Saying No To Our Kids

Our children are facing an unprecedented number of  choices, most of which are for things they don’t need.  Billions of dollars are spent to appeal to your children  and make them want something that you have to buy. It  makes me think of two questions for parents today. Are you  able to go to the store with your children and not get them  anything they say they want? Do you have unused toys  stuffed into containers at home but your kids still want  more? The answers shouldn’t come as any surprise to us  when we realize how many things are thrust upon our  children through various forms of advertising. You can see  the results of this in our communities where scooters that  were a must for all kids years ago lay dormant in garages.  Why can’t we say no to our kids? Why do our kids need to  have “what everyone else has”?

I have heard explanations from parents such as “well I  don’t want to disappoint him”. Or, “I didn’t have stuff  when I was a kid and I want it to be better for them”. But  if we don’t disappoint our children, when do they learn  disappointment? When do they learn to deal with emotions  around disappointment? When will we learn to face their  feelings of disappointment and not need to “make it up to  them”? If we step back for a moment and look at the  process of saying “no” to our kids we may learn a new  approach to this issue.

The first part of the process is the request. Your  child will ask you for something he or she wants. The  second part is a time of thought – you have to decide yes  or no. Take a moment at this point in the process because  once you decide, there is no going back! “Yes” is always  easier and is certainly ok at times. “No” is harder  because when we say “no” we can expect argument, emotion  and behavior. It is dealing with these three factors in  the process that makes it hard for parents to say “no”. Here’s how to deal with these three factors.

If you think about your decision well enough then  don’t get into an argument. No, means no! Just keep  saying no. Then comes the emotion and the behavior.  Emotion needs understanding. (I know that disappoints you,  I’m sorry about that) and behavior (that means acting out,  crying, tantrums or other kinds of fits) deserve a cold  shoulder no matter how embarrassing!

Using this system our kids learn over time to deal  with disappointment.

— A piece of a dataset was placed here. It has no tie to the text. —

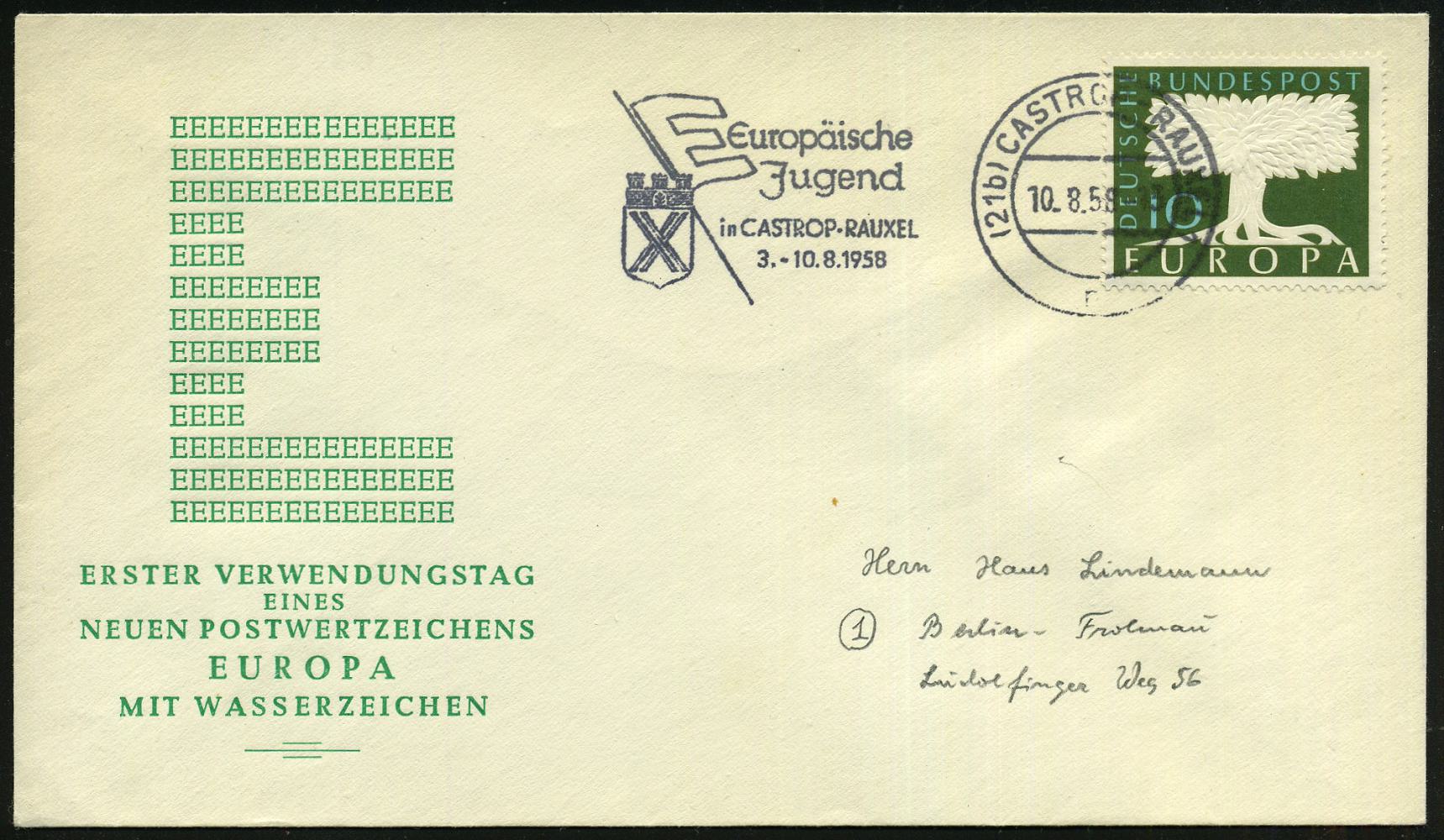 8079 | 15 € | PL-Raum 46.. (ohne Dortmund, Bochum, Gelsenkirchen) : (21b) CASTROP-RAUXEL 1/ n/ Europäische/ Jugend/ ..3.-10.8. 1958 (10.8.) MWSt = alte Europa-Flagge (u. Stadtwappen) auf EF 10 Pf. Europa (Mi.268) Inl.-Europa-SU. (Bo.8 A) | ![]() | |

They ask for less and they turn out  fine – perhaps better than kids who expect to get  everything.

I have seen kids in third world countries such as  Honduras play and interact with a lot less than our kids  have. In our country where we have so much, perhaps all  parents should work on disappointing their kids more. At  the same time if we give our time or resources to good  causes, our kids can learn that it isn’t all about them and  what they get. It is about all of us getting and learning  what we need.